--- RECORDS SUPPLIED Enclosed Below ---

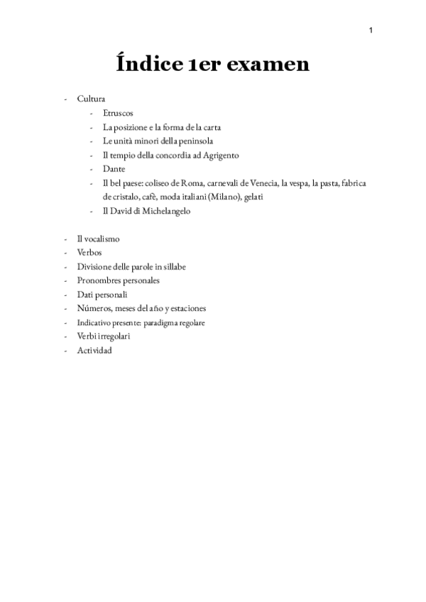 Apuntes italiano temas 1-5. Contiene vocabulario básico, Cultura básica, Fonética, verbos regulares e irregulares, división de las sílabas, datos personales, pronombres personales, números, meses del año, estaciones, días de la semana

--- End of Enclosed RECORDS SUPPLIED ---
--- RECORDS SUPPLIED Enclosed Below ---

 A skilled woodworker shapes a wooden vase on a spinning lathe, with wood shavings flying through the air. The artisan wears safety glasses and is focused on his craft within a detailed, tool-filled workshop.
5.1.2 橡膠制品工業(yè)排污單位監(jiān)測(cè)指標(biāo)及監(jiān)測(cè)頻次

--- End of Enclosed RECORDS SUPPLIED ---

ACTIVITY: Copy out each line of the data above, exactly, if it lies between the line holding "A skilled woodworker" and the line holding "5.1.2 橡膠制品工業(y", inclusive; copy no other line.

ANSWER TO THIS PROBLEM:
 A skilled woodworker shapes a wooden vase on a spinning lathe, with wood shavings flying through the air. The artisan wears safety glasses and is focused on his craft within a detailed, tool-filled workshop.
5.1.2 橡膠制品工業(yè)排污單位監(jiān)測(cè)指標(biāo)及監(jiān)測(cè)頻次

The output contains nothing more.